El estudio de las trabajadoras domésticas en Lima durante el periodo entre 1960 y 1980 arroja luz sobre las difíciles condiciones de trabajo, el maltrato y los abusos a los que éstas se enfrentaban, así como también sobre su lucha por conseguir la igualdad de derechos y reconocimiento.7 El mito generalizado de que las trabajadoras domésticas se integraban en la familia del empleador, atenuando las fronteras entre trabajador y miembro de la familia, ha perpetuado la infravaloración y explotación de esta mano de obra esencial. Adoptando un marco de historia laboral y reconociendo el trabajo doméstico como lo que es, trabajo, podemos comprender las desigualdades de género y de raza a las que se enfrentan los trabajadores domésticos. El acto de presentar estas demandas es también un ejemplo de una de las estrategias empleadas por las trabajadoras domésticas para mejorar sus condiciones. Los estudios de caso de Regina Cruz Pizarro y Águida Manacho Carranza, entre otros, ejemplifican las complejidades que rodean la distinción entre trabajador y familiar, y pone de relieve la lucha por conseguir justicia al hacer valer su condición de trabajadoras. La experiencia de Águida, quien empezó como trabajadora infantil, demuestra las nefastas consecuencias de difuminar las fronteras entre empleado y familiar, lo cual se traduce en años de malos tratos y, en última instancia, en un caso sin resolver. Resulta crucial reconocer las contribuciones y luchas de esta mano de obra marginada, generalmente excluida de los estudios sobre la clase trabajadora. Al amplificar sus voces y poner de relieve sus luchas, desafiamos los mitos y conceptos erróneos que perpetúan su explotación.
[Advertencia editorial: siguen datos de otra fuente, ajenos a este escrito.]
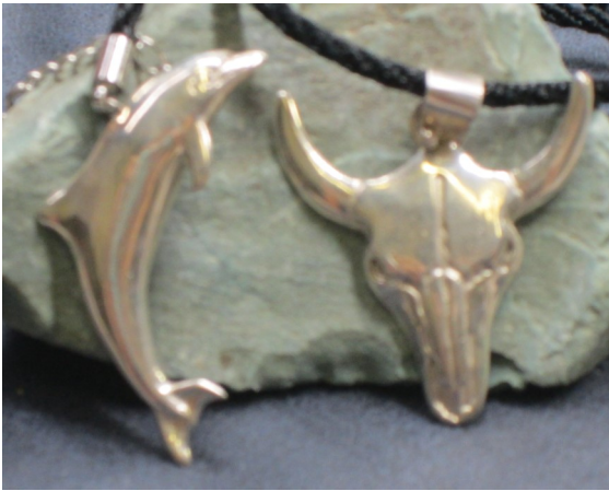
CASTING— Porpoise and a Buffalo head.

Crédito de la imagen: Archivo El Comercio.

Notas

  1. McKinley, Michelle A. Fractional Freedoms: Slavery, Intimacy, and Legal Mobilization in Colonial Lima, 1600-1700 (Nueva York: Cambridge University Press, 2016), 39.
  2. Kuznesof, Elizabeth. “Una historia del servicio doméstico en Hispanoamérica, 1492-1980”, en Muchachas No More. Household Workers in Latin America and the Caribbean, Elsa Chaney y María García, eds. (Filadelfia: Temple University Press, 1991), 17-35.
  3. Mi proyecto de investigación doctoral en la Universidad de Pittsburgh se titula “Descubriendo la vida y el trabajo de las trabajadoras domésticas en Lima, Perú, 1956-1985”. Sobre el campo ampliado de la historia laboral, véase el trabajo de Jocelyn Olcott, “Introduction: Researching and Rethinking the Labors of Love”, Hispanic American Historical Review 91, n. 1 (2011): 1-27.
  4. Reclamo de Regina Cruz Pizarro, 29 septiembre 1970, Caja 737, Legajo 292, Archivo 007-71, Ministerio de Trabajo y Promoción Social, Archivo Intermedio, Lima, Perú.
  5. Sólo por mencionar otro caso, en una carta al Ministerio de Trabajo, la empleadora de Lucila Paz insistió en que ésta no estaba empleada en su casa como trabajadora doméstica. Alternativamente, declaró que había permitido que Lucila se quedara en su casa “por un acto de comprensión y solidaridad humana” porque ambas eran originarias de la misma zona de Huaraz. Explicó, además, que Lucila sólo realizaba tareas domésticas “por [su] propia voluntad”, como un favor, no debido a un empleo como trabajadora doméstica. Reclamo de Lucila de Paz Moreno, 15 julio 1980, Caja 1253, Legajo 2610, Archivo 3326-80, Ministerio de Trabajo y Promoción Social, Archivo Intermedio, Lima, Perú.
  6. Reclamo de Águida Manacho Carranza, Caja 2558, Legajo 28, Archivo 4669-77, Ministerio de Trabajo y Promoción Social, Archivo Intermedio, Lima, Perú.
  7. A guisa de ejemplo, Florentina Tapia Pares, trabajadora doméstica de 21 años, de Apurímac, no recibió ninguna paga por su trabajo durante todo un año. Florentina relató ante el Ministerio de Trabajo que, durante casi doce horas diarias, realizaba su trabajo “con sacrificio y humildad y realizando todas las labores que a mi empleador se le ocurrían como lavar, planchar, cocinar, limpiar la casa, cuidar y bañar a sus tres hijos.” Florentina no sólo nunca cobró por su trabajo, sino que enfermó de tanto trabajar. Fue la causal de su despido, pues su empleador sólo quería “gente sana” que trabajara para él. Reclamo de Florentina Tapia Pares, 4 octubre 1985, Caja 1297, Legajo 2692, Archivo 2642-85, Ministerio de Trabajo y Promoción Social, Archivo Intermedio, Lima, Perú.